Exercise instructions: Copy exactly the lines of the data below, beginning with the line with "COMBO 3 Bình" and ending with the line with "SYNCAの登録ユーザー数1". Pictures are to be omitted.

====== Dataset entries ======

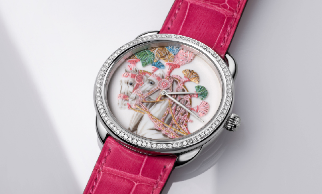 Arceau腕表可說是HERMèS發(fā)揮夢幻創(chuàng)意的空間,浪漫星月、靈動生物、經(jīng)典駿馬等各種豐富創(chuàng)意元素,都由品牌工匠以微繪、金線刺繡、細(xì)工鑲嵌或雕刻等各種工藝注入這款由傳奇設(shè)計(jì)大師Henri d’Origny設(shè)計(jì)并于1978年推出的標(biāo)志性腕表。早前,品牌再度揮灑工藝,推出限量24只的全新Arceau Harnais Fran?ais Remix工藝腕表,白金表殼鑲嵌82顆鉆石,并在瓷表盤上演繹手工雕刻與彩繪工藝,并搭配覆盆子色鱷魚皮表帶。
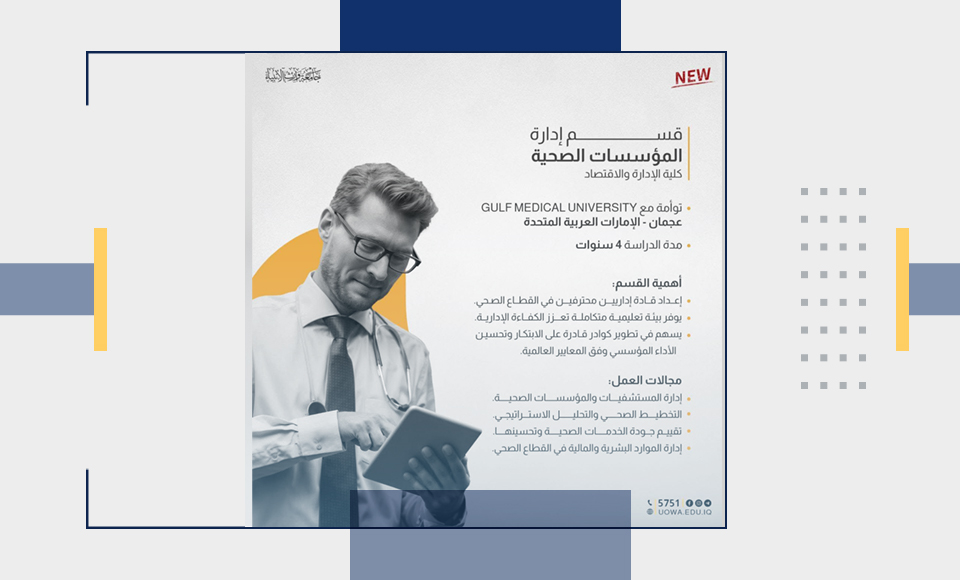 قسم إدارة المؤسسات الصحية في كلية الإدارة والاقتصاد – جامعة وارث الأنبياء (عليه السلام) يؤهّلك لتكون جزءاً من قيادة النظام الصحي الحديث في البلاد
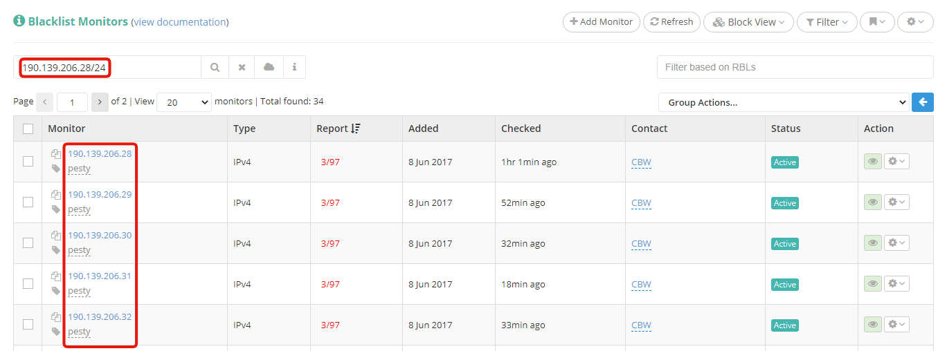 You can easily filter your blacklist monitors per RBL, so only the monitors blacklisted on the selected RBLs will be displayed. This would be very useful when you'll want to start delisting your IPs/domains only from certain blacklists, so you'd want to see only those monitors in your workspace. We also have other filters that can be very helpful, such as: filtering based on recent changes (where you only see the monitors recently blacklisted/delisted); filtering based on monitor type (where you'll see only a certain monitor type, i.e.: IPv4 monitors); or filtering based on whether or not a monitor is blacklisted (so it'll exclude all clean IPs/domains). And, of course, all of the mentioned filters will work very well when combined together, so you can be as precise as possible when it comes to what monitors you'd like to see, for example: view only domains that are blacklisted on the Invaluement blacklist, or view only IPs recently blacklisted/delisted.
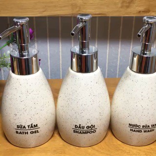 COMBO 3 Bình xịt đựng sữa tắm, dầu gội, xà phòng rử tay, đa năng sử dụng trong nhà tắm bằng sứ có chữ
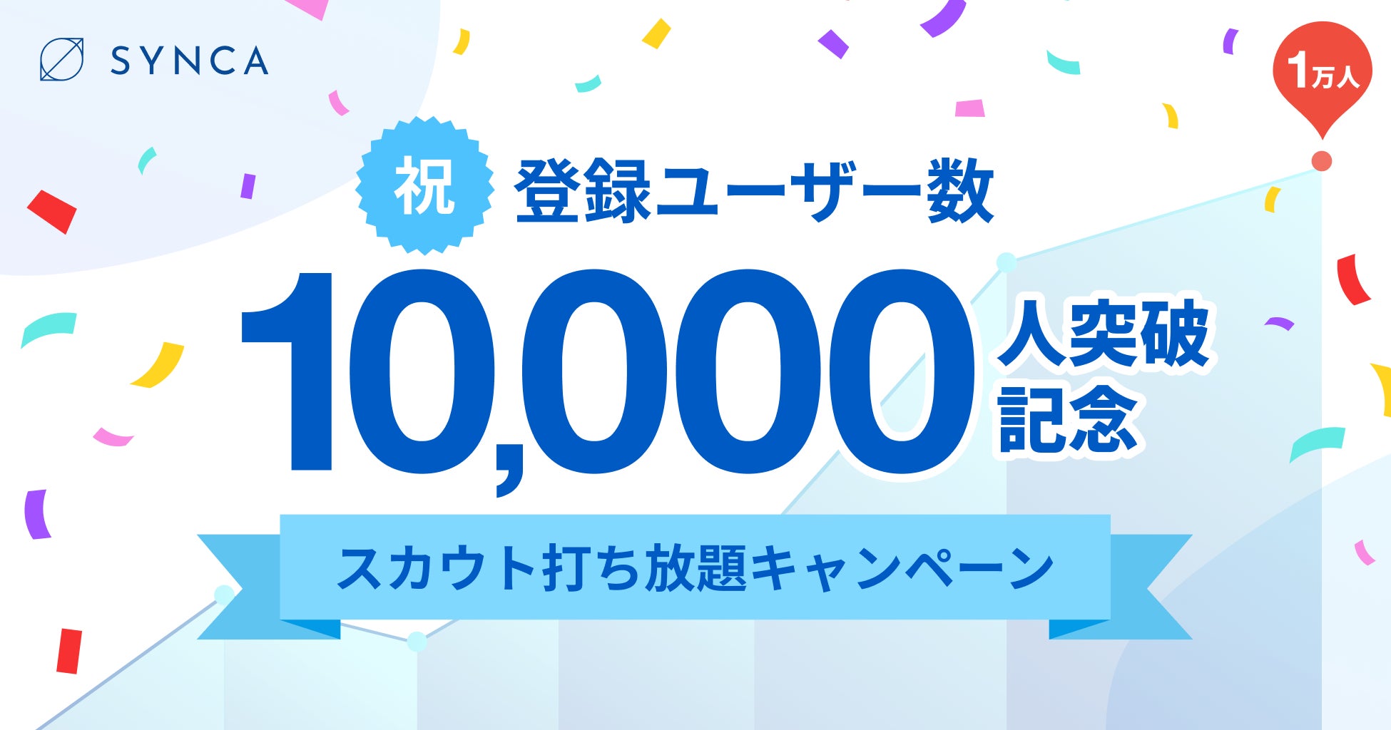SYNCAの登録ユーザー数10,000人突破を記念し、新規導入企業に対してスカウト打ち放題キャンペーンを開始
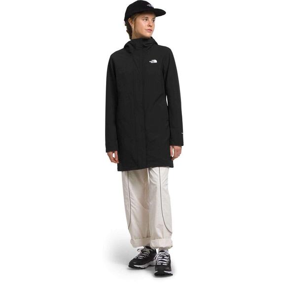Stay warm and stylish with this The North Face women’s parka, size Large. Features durable outer shell, insulated quilted interior, and full-length coverage perfect for cold weather. Originally designed with a removable tie/belt (not included). Zipper front closure, multiple pockets, and classic black color make this coat a versatile winter essential.
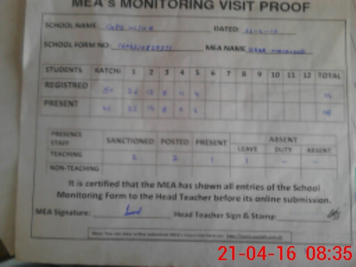 | Attendance Register | Head Teacher | MEA with School | Visit Proof |
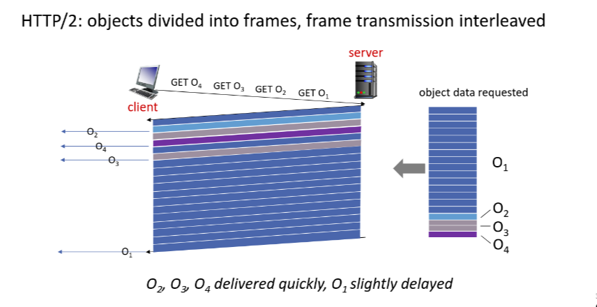 - HTTP/3: adds security, per object error- and congestion-control ovre UDP
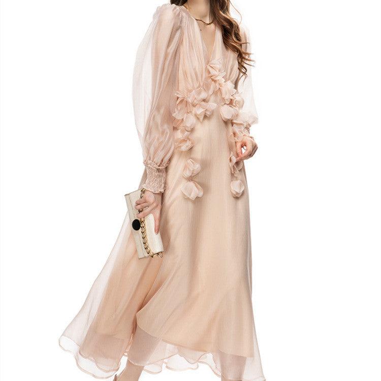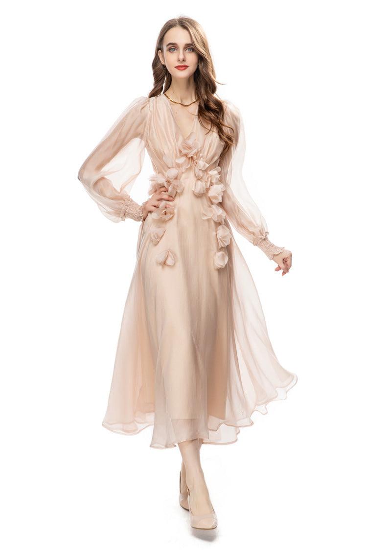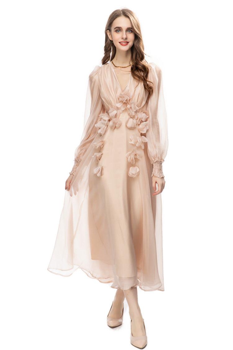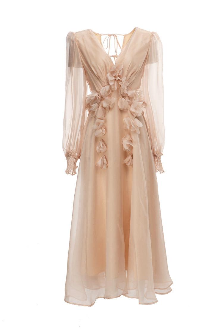 Long Sleeve Three-dimensional Embroidered Backless Voile Dress

======

Output for this task:
 COMBO 3 Bình xịt đựng sữa tắm, dầu gội, xà phòng rử tay, đa năng sử dụng trong nhà tắm bằng sứ có chữ
SYNCAの登録ユーザー数10,000人突破を記念し、新規導入企業に対してスカウト打ち放題キャンペーンを開始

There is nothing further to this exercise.